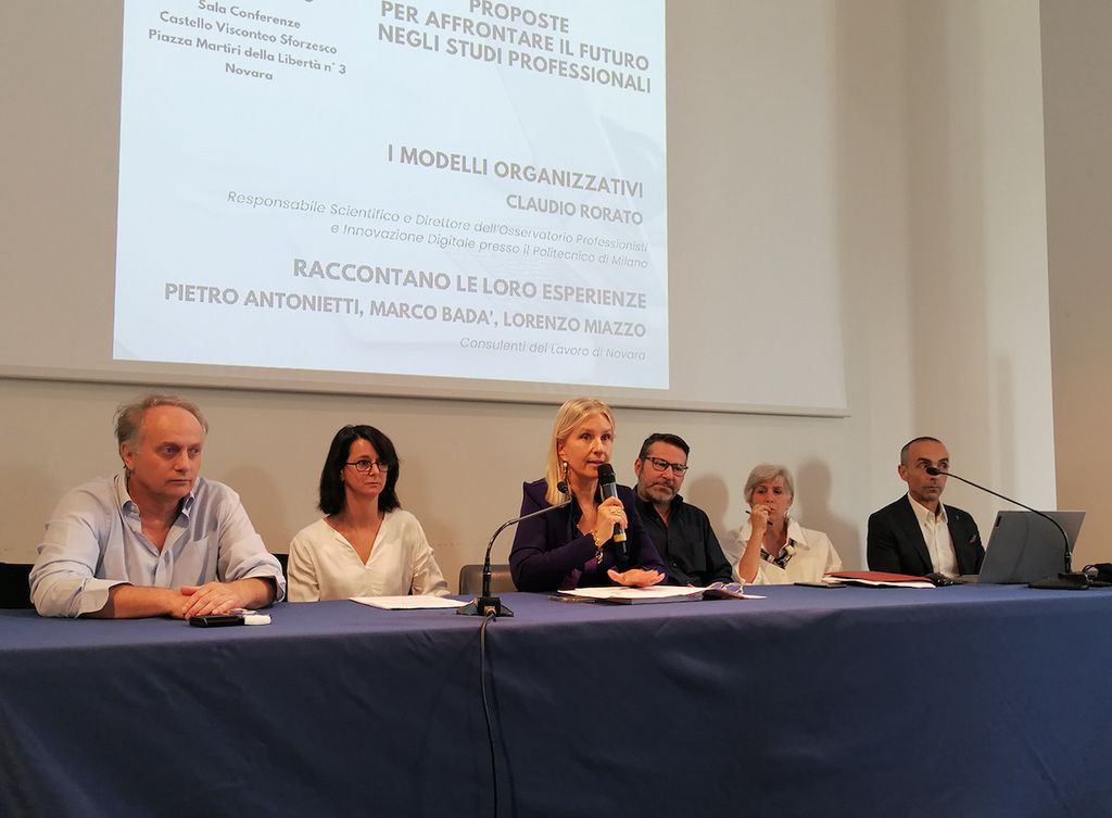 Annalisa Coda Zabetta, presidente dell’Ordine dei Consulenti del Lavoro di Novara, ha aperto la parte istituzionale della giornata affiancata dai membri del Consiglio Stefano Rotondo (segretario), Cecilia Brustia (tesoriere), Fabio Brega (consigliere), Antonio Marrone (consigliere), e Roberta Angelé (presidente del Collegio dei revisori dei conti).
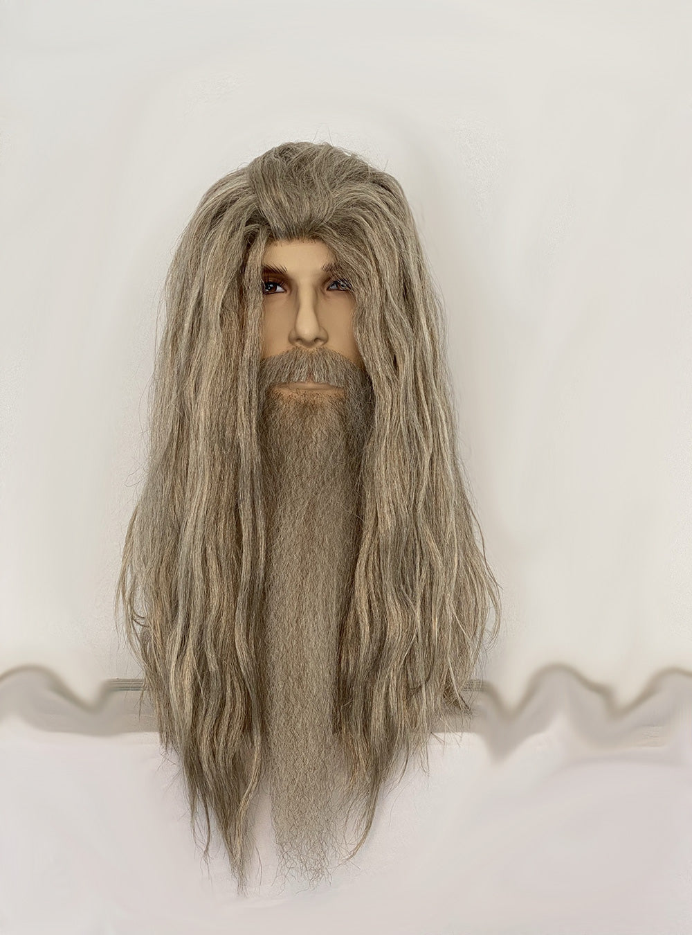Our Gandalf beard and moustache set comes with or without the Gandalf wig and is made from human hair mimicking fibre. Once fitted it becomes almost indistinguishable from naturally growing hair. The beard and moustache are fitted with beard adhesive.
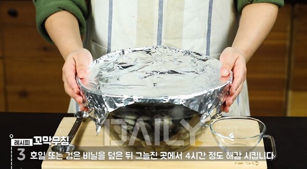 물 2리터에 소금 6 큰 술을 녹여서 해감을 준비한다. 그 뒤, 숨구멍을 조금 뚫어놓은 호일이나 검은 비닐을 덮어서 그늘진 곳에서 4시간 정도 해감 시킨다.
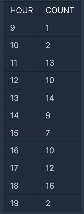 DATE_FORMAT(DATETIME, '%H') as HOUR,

********

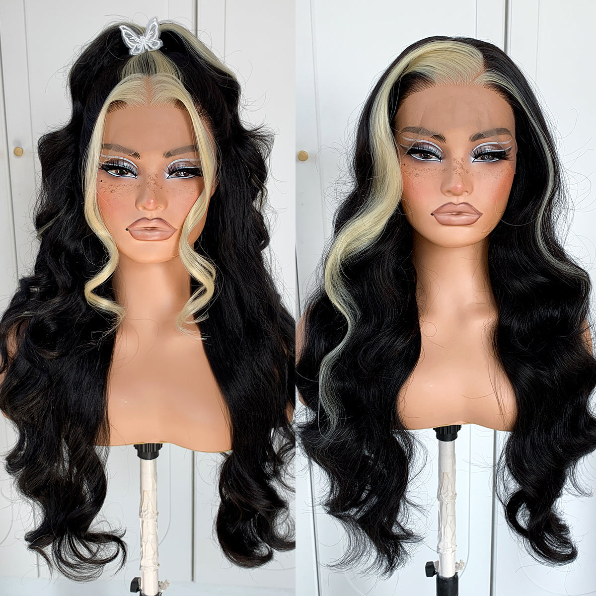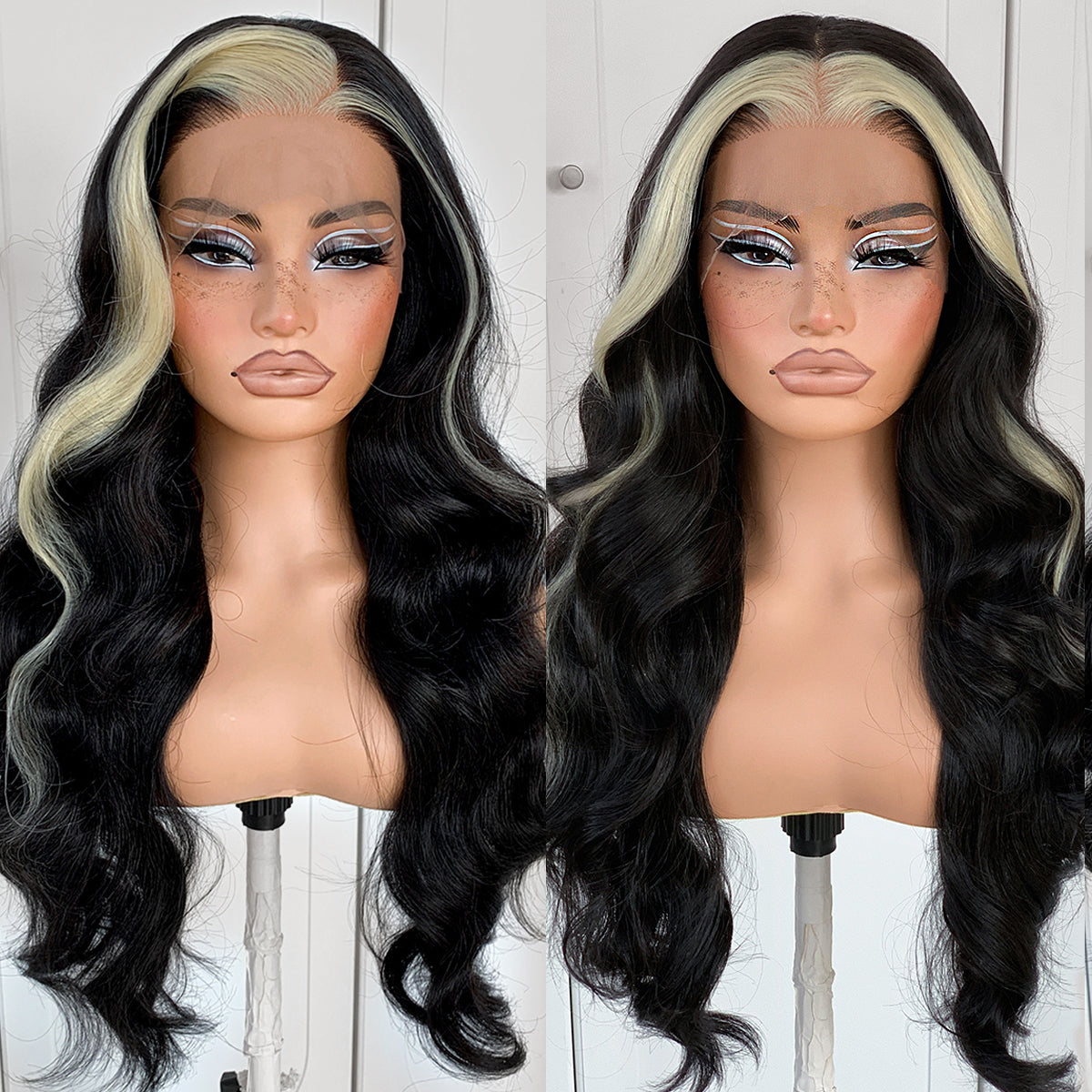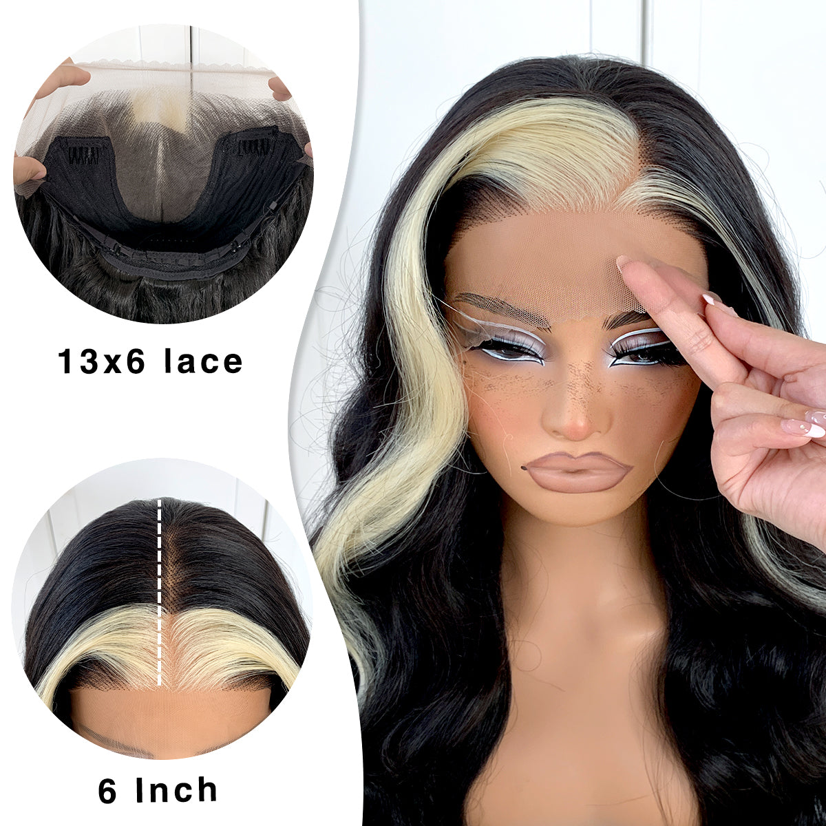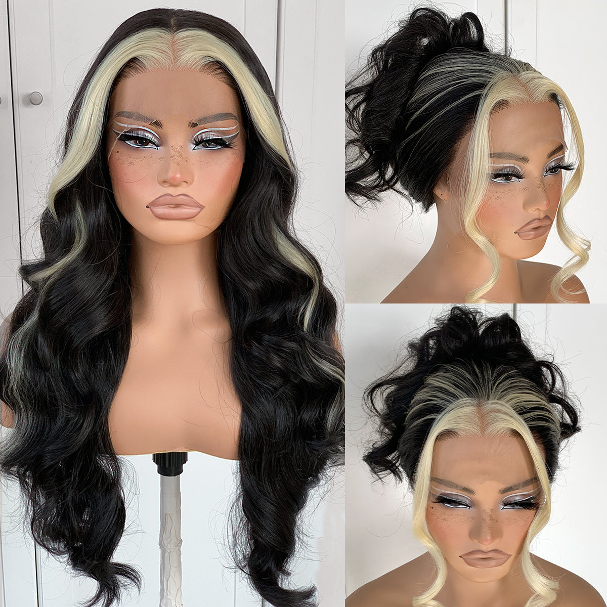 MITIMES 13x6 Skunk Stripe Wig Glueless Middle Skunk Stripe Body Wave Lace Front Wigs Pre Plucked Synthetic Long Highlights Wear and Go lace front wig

********

### How to complete this task
Reproduce exactly the lines above that run from the one with "Annalisa Coda Zabetta, presidente" to the one with "DATE_FORMAT(DATETIME, '%H') as", both included, leaving pictures out.

### Answer space
 Annalisa Coda Zabetta, presidente dell’Ordine dei Consulenti del Lavoro di Novara, ha aperto la parte istituzionale della giornata affiancata dai membri del Consiglio Stefano Rotondo (segretario), Cecilia Brustia (tesoriere), Fabio Brega (consigliere), Antonio Marrone (consigliere), e Roberta Angelé (presidente del Collegio dei revisori dei conti).
Our Gandalf beard and moustache set comes with or without the Gandalf wig and is made from human hair mimicking fibre. Once fitted it becomes almost indistinguishable from naturally growing hair. The beard and moustache are fitted with beard adhesive.
 물 2리터에 소금 6 큰 술을 녹여서 해감을 준비한다. 그 뒤, 숨구멍을 조금 뚫어놓은 호일이나 검은 비닐을 덮어서 그늘진 곳에서 4시간 정도 해감 시킨다.
 DATE_FORMAT(DATETIME, '%H') as HOUR,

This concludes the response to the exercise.